> **The task**:
Using the records below, write out only the lines from the line containing "A másik nagy" up to and including the line containing "Рис. 5. Шкалы", exactly, with no pictures.

[Stored data entries]
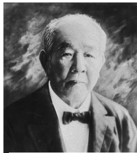
しぶさわ えいいち 渋沢 栄一
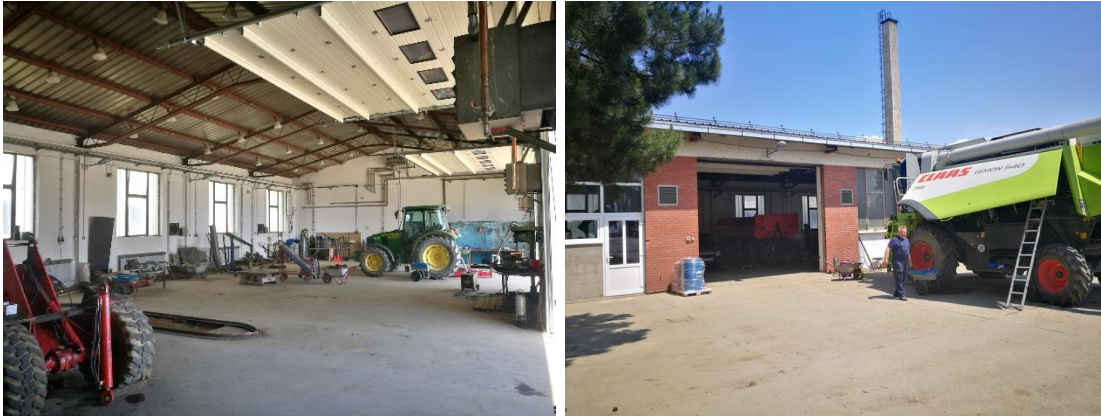
Slika 1 : Automehaničarska radionica

U nadzoru ili kao poslovođa jedan je diplomirani mehanizator te jedan ekonomist koji se bavi nabavkom i dovozom rezervnih dijelova i ostalih potrepština.
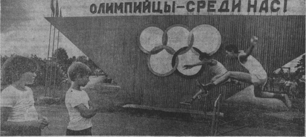
СПОРТИВНО-оздоровительный лагерь «Олимп» Западно-Сибирского металлургического комбината расположен в живописной зоне отдыха на левобережье реки Кондома. В лагере есть различные спортивные площадки, плавательный бассейн, новые жилые корпуса. Все это позволило ребятам развить свои физические навыки, повысить спортивное мастерство.
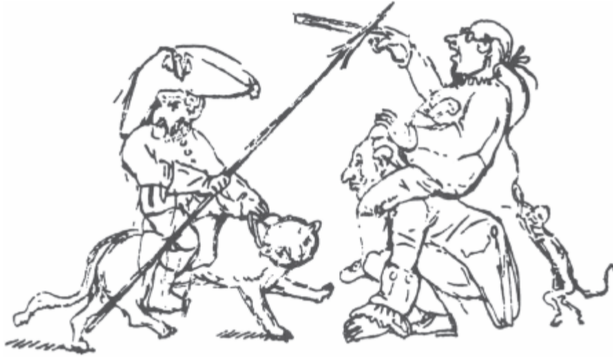
Hoffmann harca a bürokrácia ellen – karikatúra

A másik nagy lángelme zenéjéről ugyancsak a romantika sejtelmes stílusával fogalmazott Hoffmann. „Beethoven zenéje megnyitja a zsilipeket a borzongás, a félelem, a rémület, a fájdalom áradata előtt.” A látványos szökök kifejezőek a süket zeneszerző muzsikáját illetően: izzó gerendák döfik át a mélység birodalmát, gigantikus árnyékok, végtelen fájdalmak és szenvedélyek teszik szenvedélyessé a zenét. Míg Mozart a csodát ragadja meg a zenéjével, addig Beethoven felkavarja a rémület, az iszonyat, a gyász ködét, és felébreszti a végtelen sóvárgást.
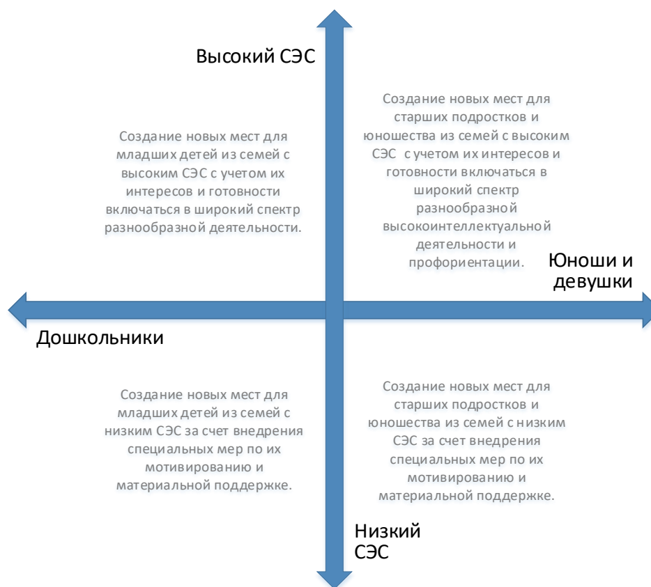
Рис. 5. Шкалы выбора модели создания новых мест по программам технической направленности с учетом особенностей контингента обучающихся

Вовлечение в программы детей из семей с низким образовательным и культурным уровнем потребует осуществления определенных PR-шагов, поиска мотиваторов для данных детей, в том числе материальных.
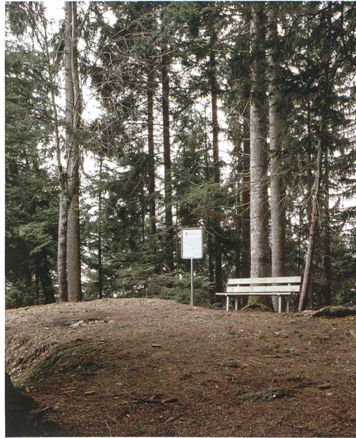
Abb.3: Langnau, Spitzenberg. Höchste Stelle des Burgplateaus, mit Informationstafel von 2004.

Dem Burghügel Fuss ist auf der Nordwestseite – rund 20 m tiefer als sein oberes Plateau – eine bewehrte, etwa 2500 qm grosse, sichelförmig bis nach Süden herumgeführte, ebene Terrasse mit leichtem Gefälle vorgelagert. (Abb. 5) Sie ist etwa 50 m lang, am Hügel Fuss fast 60 m breit und verschmälert sich am gegenüberliegenden Nordwestende auf 35 m Durchmesser. Auf der langen Westseite wird die Terrasse durch den natürlichen Steilhang, im Süden durch zwei (eventuell sogar drei) kurze, künstliche Quergräben (Abb. 6)

> **Answer section**:
A másik nagy lángelme zenéjéről ugyancsak a romantika sejtelmes stílusával fogalmazott Hoffmann. „Beethoven zenéje megnyitja a zsilipeket a borzongás, a félelem, a rémület, a fájdalom áradata előtt.” A látványos szökök kifejezőek a süket zeneszerző muzsikáját illetően: izzó gerendák döfik át a mélység birodalmát, gigantikus árnyékok, végtelen fájdalmak és szenvedélyek teszik szenvedélyessé a zenét. Míg Mozart a csodát ragadja meg a zenéjével, addig Beethoven felkavarja a rémület, az iszonyat, a gyász ködét, és felébreszti a végtelen sóvárgást.
Рис. 5. Шкалы выбора модели создания новых мест по программам технической направленности с учетом особенностей контингента обучающихся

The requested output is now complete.